Pode-se notar, aqui, novamente, um movimento de aproximação com as ciências exatas e biológicas, mas em um contexto diferente: não mais na apropriação de conceitos e realização de analogias para a estruturação de um campo disciplinar próprio, mas na busca da contribuição de novos conhecimentos em um movimento inter e mesmo transdisciplinar, no contexto do pensamento complexo, de “religação dos saberes” (Morin, 1987 e 2001).

Além disso, esse movimento é marcado por uma nova conceitualização do que é ciência e da natureza do saber científico diante de sua própria evolução. Como observa Wersig,

“such a science would be established as a prototype of a new or postmodern science. Postmodern science is not like classical science, driven by the search for complete understanding of how the world works, but by the need to develop strategies to solve in particular those problems which have been caused by classical sciences and technologies” (Wersig, 1993, p. 229)*.

Essa nova concepção de ciência estaria, assim, na origem mesma da construção do campo da ciência da informação, já que “information science is not to be looked at as a classical discipline, but as a prototype of the new kind of science” (Wersig, 1993, p. 235)** . E, embora esse movimento pareça ser distinto daquele da ciência da informação em direção às ciências sociais (particularmente ao que foi definido anteriormente como o “terceiro ramo”, que não só ampliou o escopo de atuação da ciência da informação, mas também transformou a forma como esta concebe e estuda seu objeto), na verdade ambos representam as duas faces de um mesmo processo: o da superação tanto da tradição da ciência moderna quanto de sua manifestação no campo das ciências sociais. Mais do que isso: é, por pretender se aproximar da “ciência pós-moderna”, superando os limites do modelo até então dominante, buscando superar seus impasses metodológicos simplificadores e abarcar um pensamento pautado pela complexidade, que a ciência da informação evolui para novas etapas de diálogo e inserção nas ciências sociais.

* Tal ciência seria estabelecida como um protótipo de uma ciência nova ou pós-moderna. A ciência pós-moderna não é como as ciências clássicas, dirigidas para a busca do completo entendimento de como o mundo funciona, mas para a necessidade de desenvolver estratégias para resolver em particular aqueles problemas que foram causados pelas ciências e tecnologias clássicas (tradução do autor).

** Ciência da informação não deve ser parecida com uma disciplina clássica, mas com um protótipo de um novo tipo de ciência (tradução do autor).

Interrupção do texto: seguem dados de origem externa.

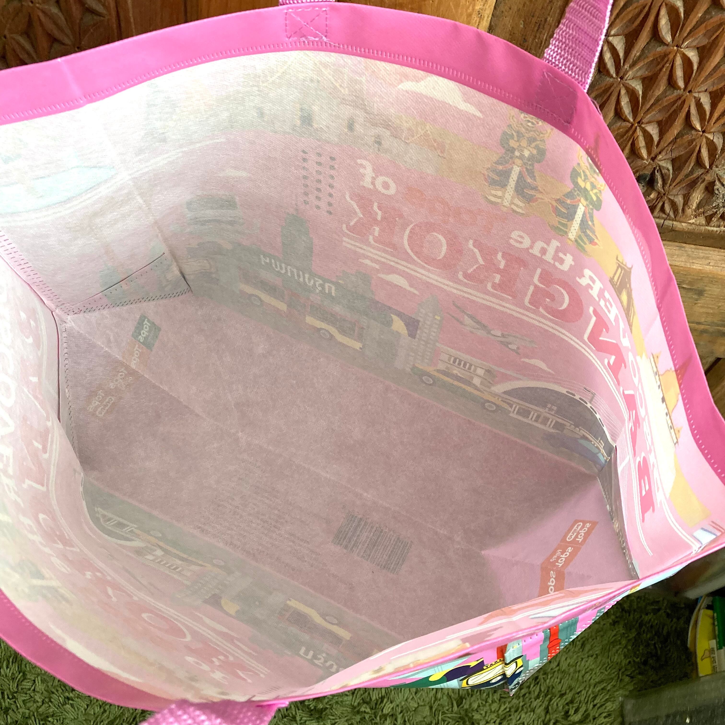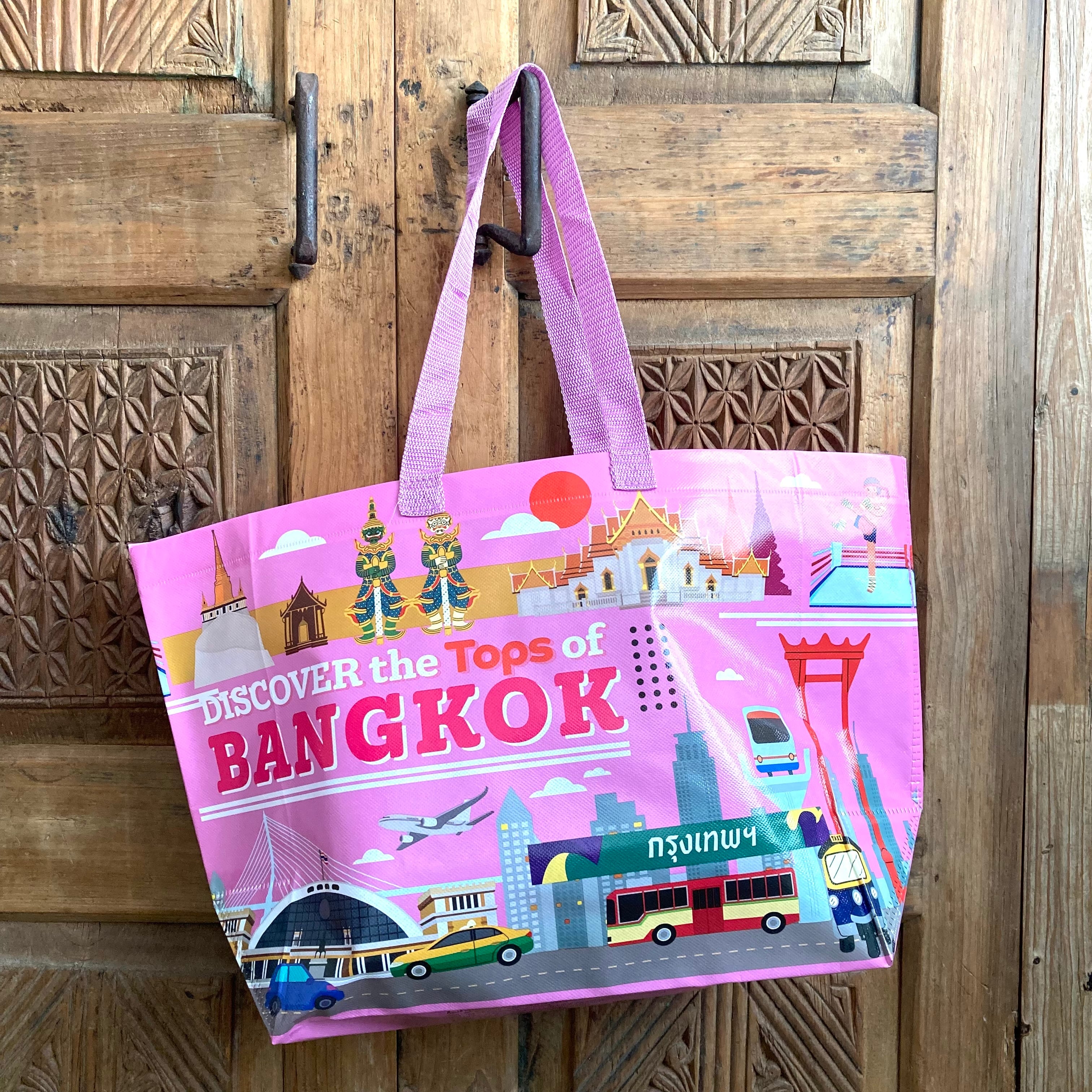 トゥクトゥクやBTS、赤バスや2トーンの個人タクシーなど、ピンク色の背景とともに街中の元気が出るモチーフがたくさん描かれています。

A reflexão sobre a evolução da ciência da informação, suas relações com as ciências sociais e com o modelo moderno da ciência como um todo, é fundamental para a realização de pesquisas nessa área que efetivamente incorporem todo o avanço acumulado nesse processo –e que não apenas fiquem no discurso de uma mudança paradigmática, sem concretamente realizá-la. É sobre esses tópicos, principalmente, que qualquer discussão sobre os fundamentos sociais da informação deve se deter, de forma a contribuir para uma ciência da informação que assuma, então, de forma definitiva, tanto sua natureza de ciência social quanto sua postura de ciência pós-moderna.